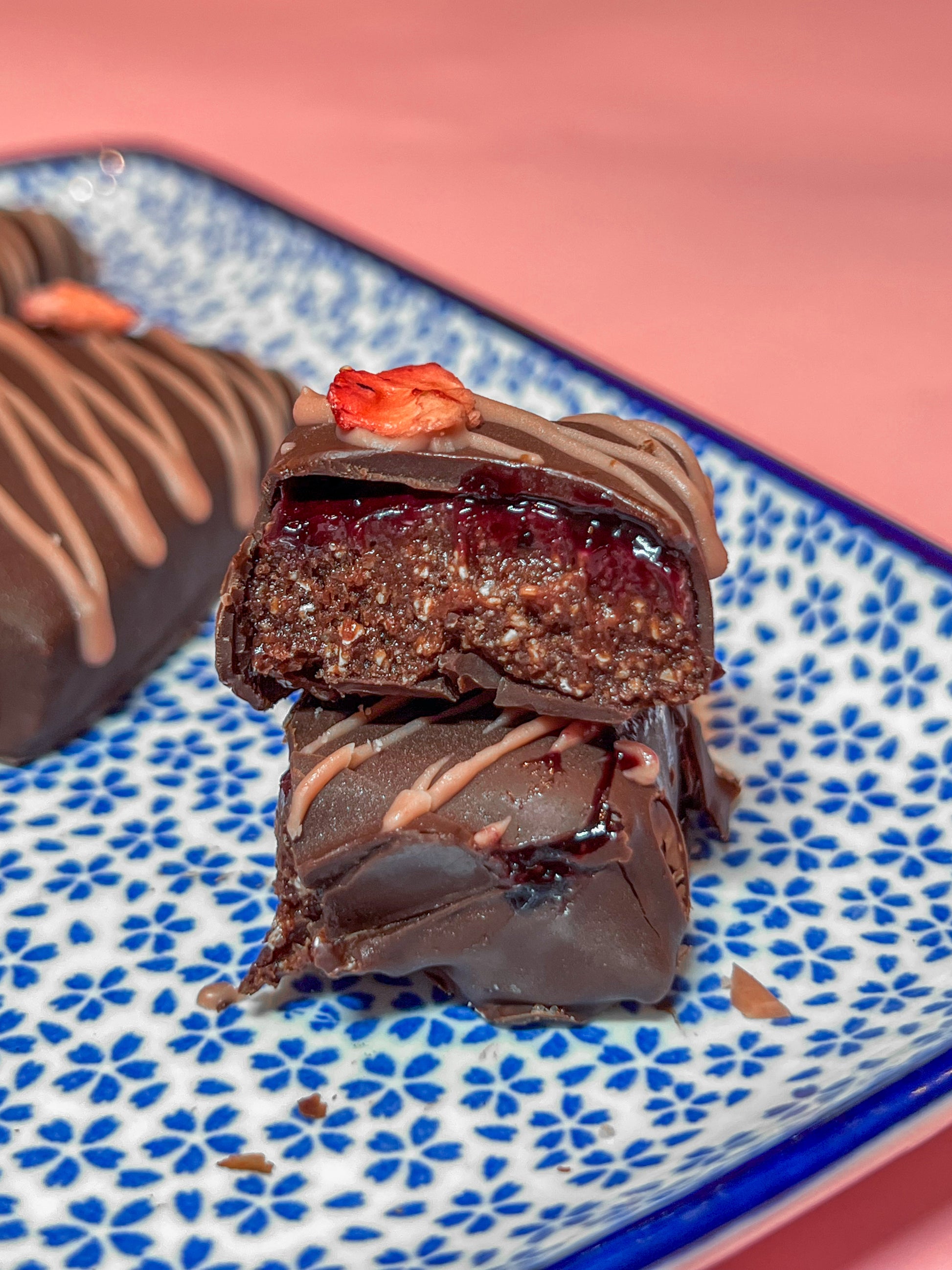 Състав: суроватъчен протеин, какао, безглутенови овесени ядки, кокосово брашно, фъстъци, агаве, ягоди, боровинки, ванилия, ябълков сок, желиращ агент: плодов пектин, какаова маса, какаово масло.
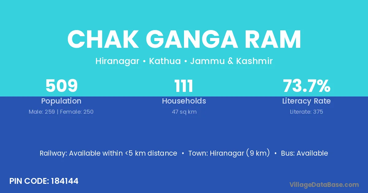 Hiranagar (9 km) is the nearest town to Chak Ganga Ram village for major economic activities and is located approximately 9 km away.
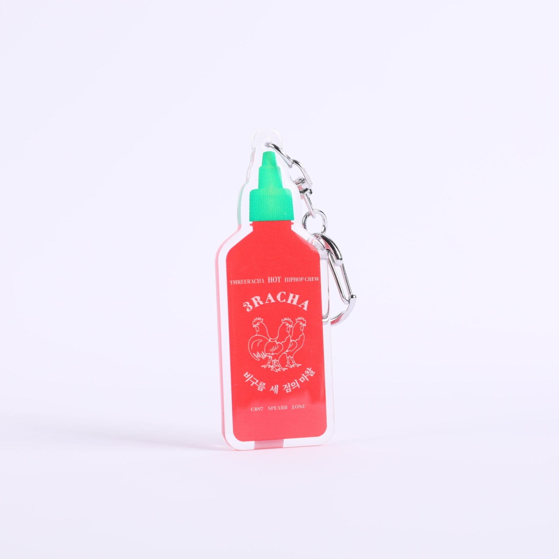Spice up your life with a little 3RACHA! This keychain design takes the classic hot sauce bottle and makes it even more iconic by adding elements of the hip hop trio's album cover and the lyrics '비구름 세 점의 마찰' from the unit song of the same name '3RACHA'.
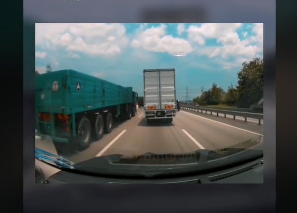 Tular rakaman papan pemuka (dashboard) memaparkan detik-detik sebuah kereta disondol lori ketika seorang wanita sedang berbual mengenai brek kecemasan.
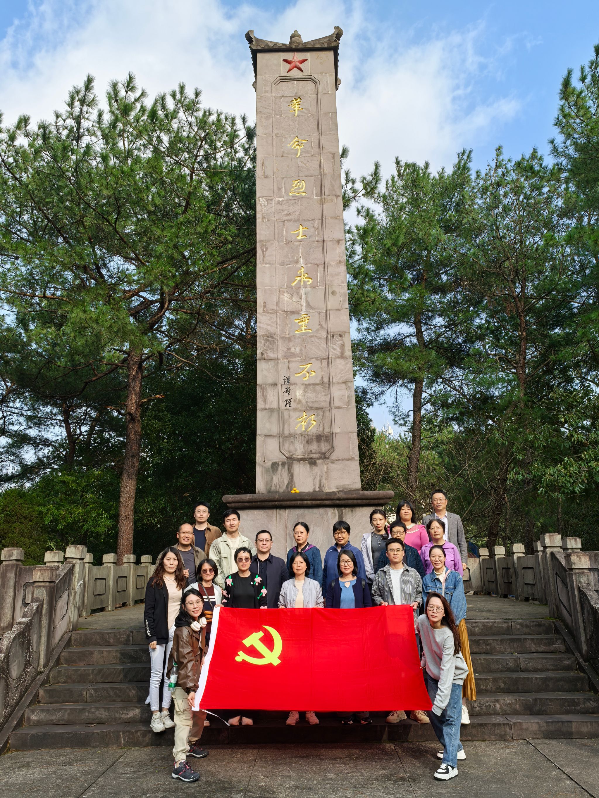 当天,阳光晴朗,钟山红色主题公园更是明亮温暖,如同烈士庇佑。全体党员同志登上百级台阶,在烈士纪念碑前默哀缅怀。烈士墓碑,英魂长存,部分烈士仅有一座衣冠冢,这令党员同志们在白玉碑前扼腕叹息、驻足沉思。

---

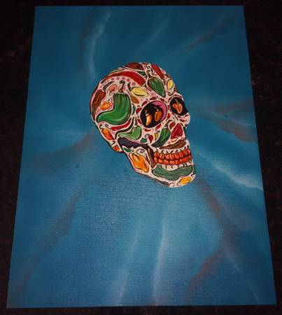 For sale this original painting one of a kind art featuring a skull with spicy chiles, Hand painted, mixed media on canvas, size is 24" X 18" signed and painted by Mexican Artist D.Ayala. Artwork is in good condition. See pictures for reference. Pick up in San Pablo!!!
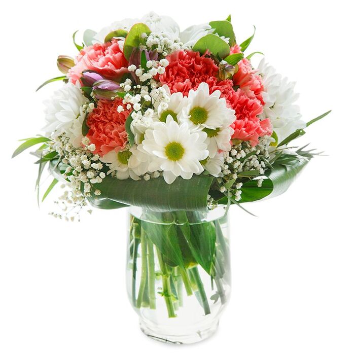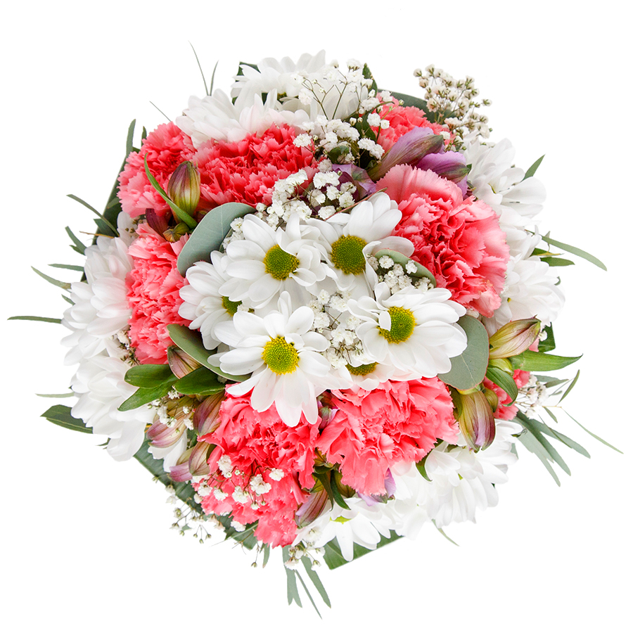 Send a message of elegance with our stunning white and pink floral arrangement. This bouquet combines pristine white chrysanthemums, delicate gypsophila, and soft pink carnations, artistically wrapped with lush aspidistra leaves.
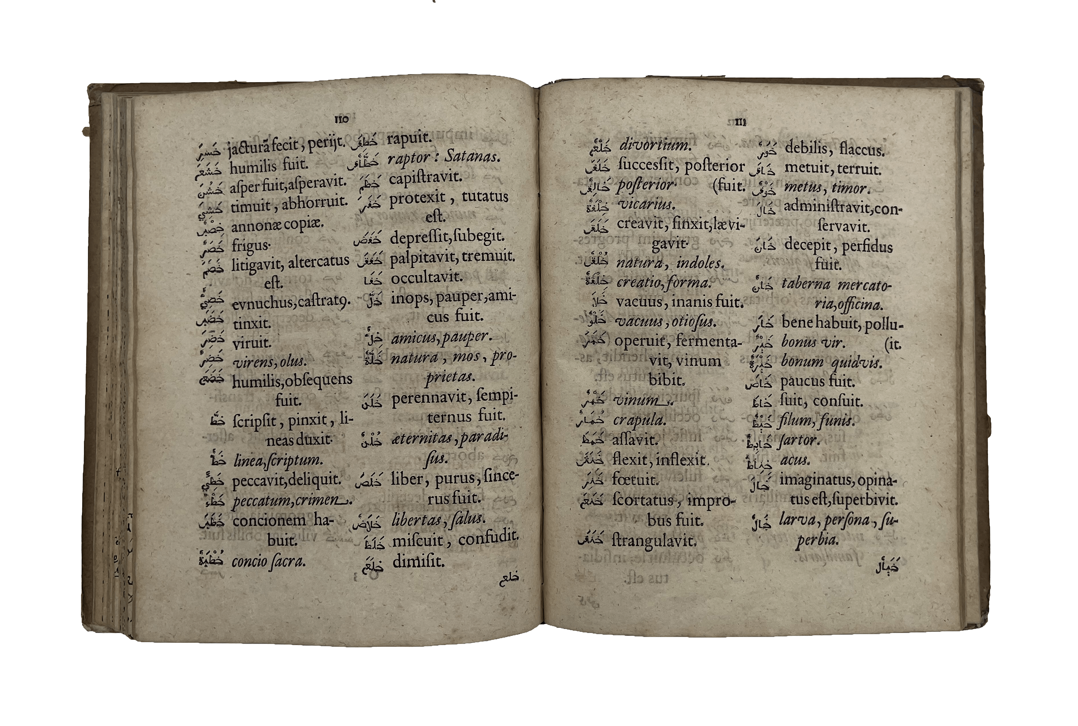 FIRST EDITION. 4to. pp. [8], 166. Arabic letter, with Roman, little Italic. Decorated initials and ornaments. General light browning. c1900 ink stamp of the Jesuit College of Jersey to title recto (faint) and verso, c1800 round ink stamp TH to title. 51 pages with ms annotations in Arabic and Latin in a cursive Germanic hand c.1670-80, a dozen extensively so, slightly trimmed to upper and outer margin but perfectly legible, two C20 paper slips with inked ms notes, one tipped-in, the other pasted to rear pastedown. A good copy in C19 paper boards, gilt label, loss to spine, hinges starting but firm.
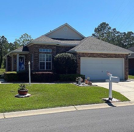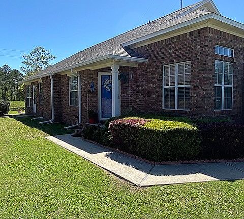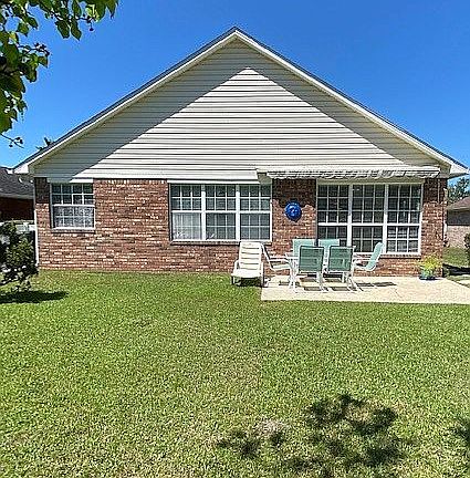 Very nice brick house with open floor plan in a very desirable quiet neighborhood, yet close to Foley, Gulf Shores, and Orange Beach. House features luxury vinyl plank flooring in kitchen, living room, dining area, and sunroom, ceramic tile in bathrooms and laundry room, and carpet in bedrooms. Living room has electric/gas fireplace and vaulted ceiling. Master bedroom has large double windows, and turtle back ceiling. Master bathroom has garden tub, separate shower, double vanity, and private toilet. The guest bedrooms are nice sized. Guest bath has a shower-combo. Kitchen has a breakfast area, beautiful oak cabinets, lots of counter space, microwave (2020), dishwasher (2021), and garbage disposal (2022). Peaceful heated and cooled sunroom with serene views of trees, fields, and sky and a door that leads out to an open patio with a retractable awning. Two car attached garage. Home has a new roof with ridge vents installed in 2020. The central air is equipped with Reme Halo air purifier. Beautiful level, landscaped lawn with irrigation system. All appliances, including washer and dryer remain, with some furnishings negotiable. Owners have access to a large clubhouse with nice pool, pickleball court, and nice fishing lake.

...

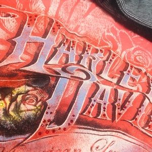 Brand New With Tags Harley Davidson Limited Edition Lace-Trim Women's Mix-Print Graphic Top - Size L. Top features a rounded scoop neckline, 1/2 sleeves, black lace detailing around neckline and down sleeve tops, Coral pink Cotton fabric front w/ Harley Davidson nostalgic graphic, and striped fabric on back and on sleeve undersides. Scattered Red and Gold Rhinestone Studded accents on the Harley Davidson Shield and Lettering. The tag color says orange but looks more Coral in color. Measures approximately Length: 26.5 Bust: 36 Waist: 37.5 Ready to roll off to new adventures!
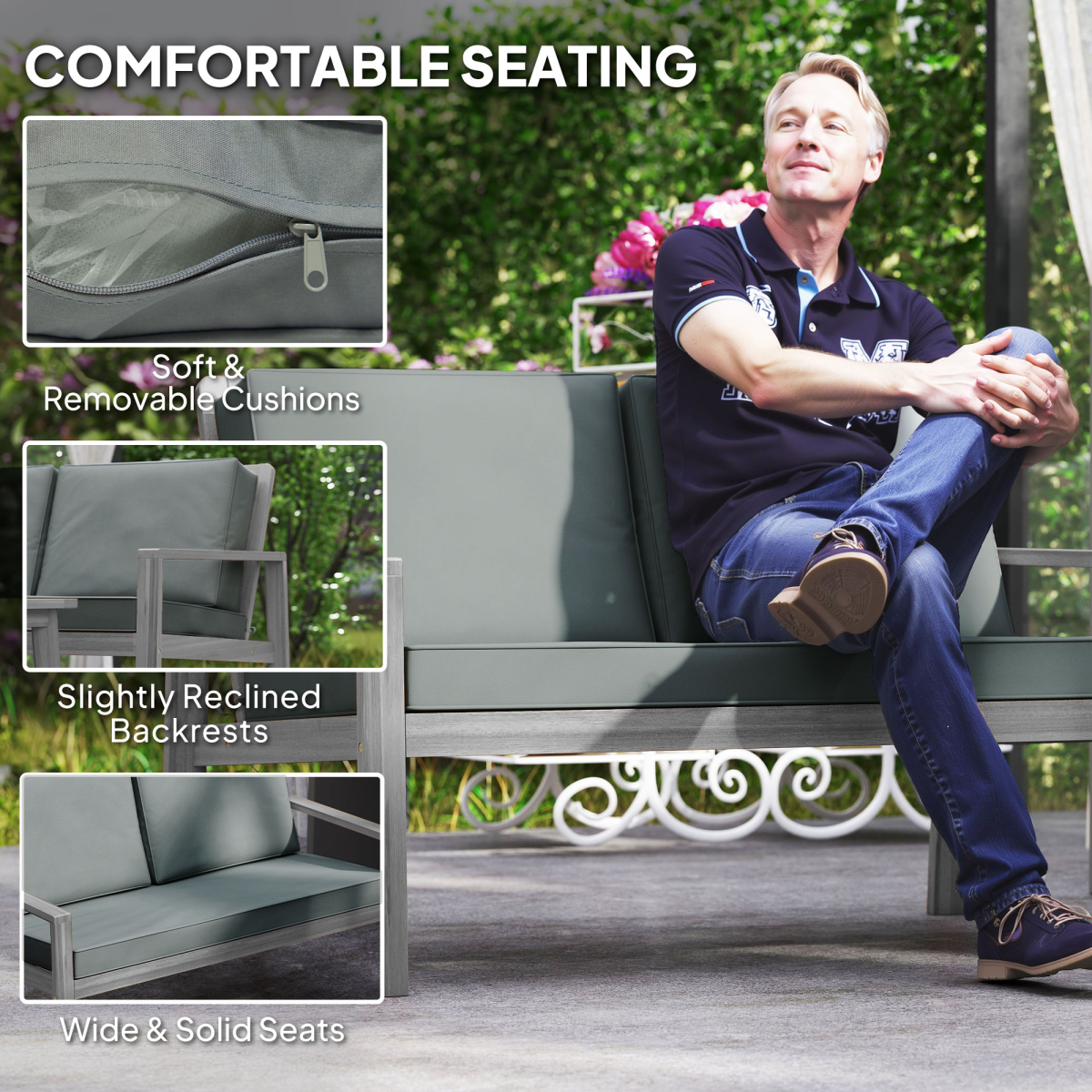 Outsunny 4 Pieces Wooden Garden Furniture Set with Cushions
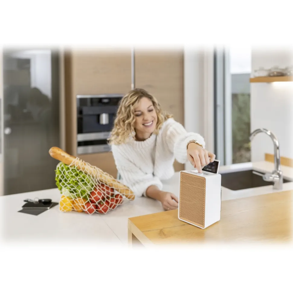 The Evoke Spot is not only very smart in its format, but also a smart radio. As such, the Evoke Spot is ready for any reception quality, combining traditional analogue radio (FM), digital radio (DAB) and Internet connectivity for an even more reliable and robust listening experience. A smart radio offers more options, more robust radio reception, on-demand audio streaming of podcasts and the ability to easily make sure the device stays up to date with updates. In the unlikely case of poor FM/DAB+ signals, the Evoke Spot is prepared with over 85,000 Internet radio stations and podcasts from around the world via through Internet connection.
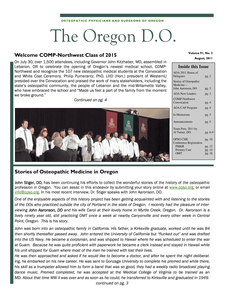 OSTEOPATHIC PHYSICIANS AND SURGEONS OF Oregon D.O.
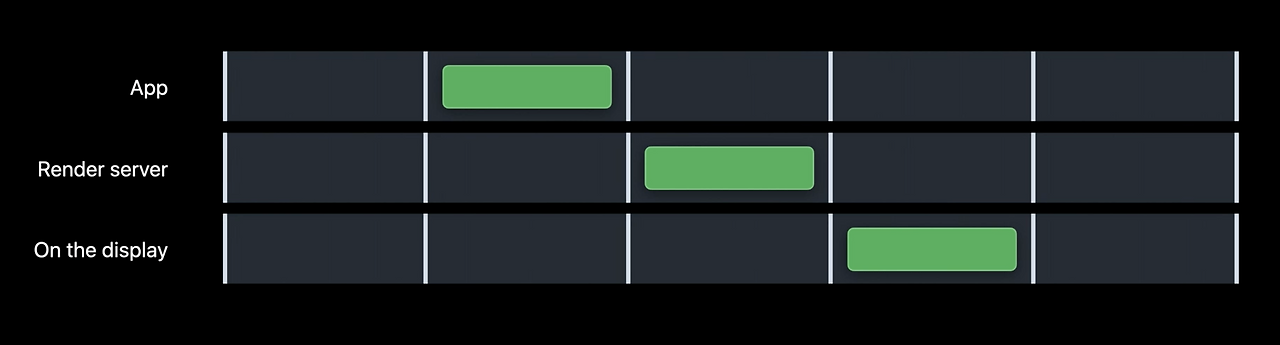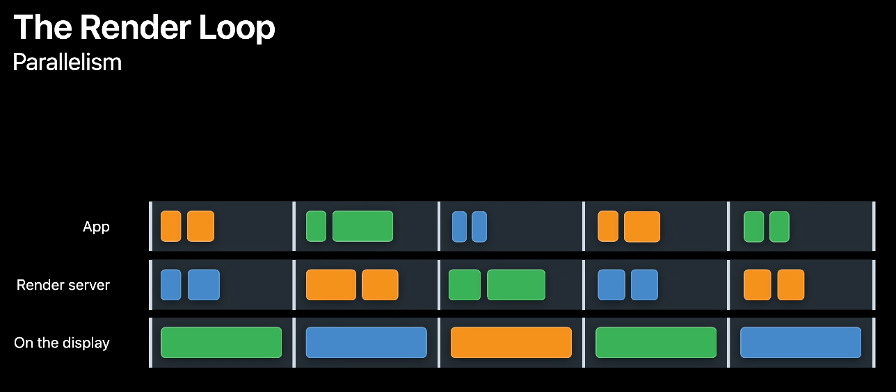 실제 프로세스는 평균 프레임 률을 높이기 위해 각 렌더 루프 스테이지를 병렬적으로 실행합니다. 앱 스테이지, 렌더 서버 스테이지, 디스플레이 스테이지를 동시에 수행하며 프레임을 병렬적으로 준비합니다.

## AIM OF THE EXERCISE
With the pictures removed, print only the lines starting at the line that has "Spice up your" and ending at the line that has "当天,阳光晴朗,钟山红色主题", both ends included, exactly as they stand above.

## RESPONSE TO THIS TASK
Spice up your life with a little 3RACHA! This keychain design takes the classic hot sauce bottle and makes it even more iconic by adding elements of the hip hop trio's album cover and the lyrics '비구름 세 점의 마찰' from the unit song of the same name '3RACHA'.
 Tular rakaman papan pemuka (dashboard) memaparkan detik-detik sebuah kereta disondol lori ketika seorang wanita sedang berbual mengenai brek kecemasan.
 当天,阳光晴朗,钟山红色主题公园更是明亮温暖,如同烈士庇佑。全体党员同志登上百级台阶,在烈士纪念碑前默哀缅怀。烈士墓碑,英魂长存,部分烈士仅有一座衣冠冢,这令党员同志们在白玉碑前扼腕叹息、驻足沉思。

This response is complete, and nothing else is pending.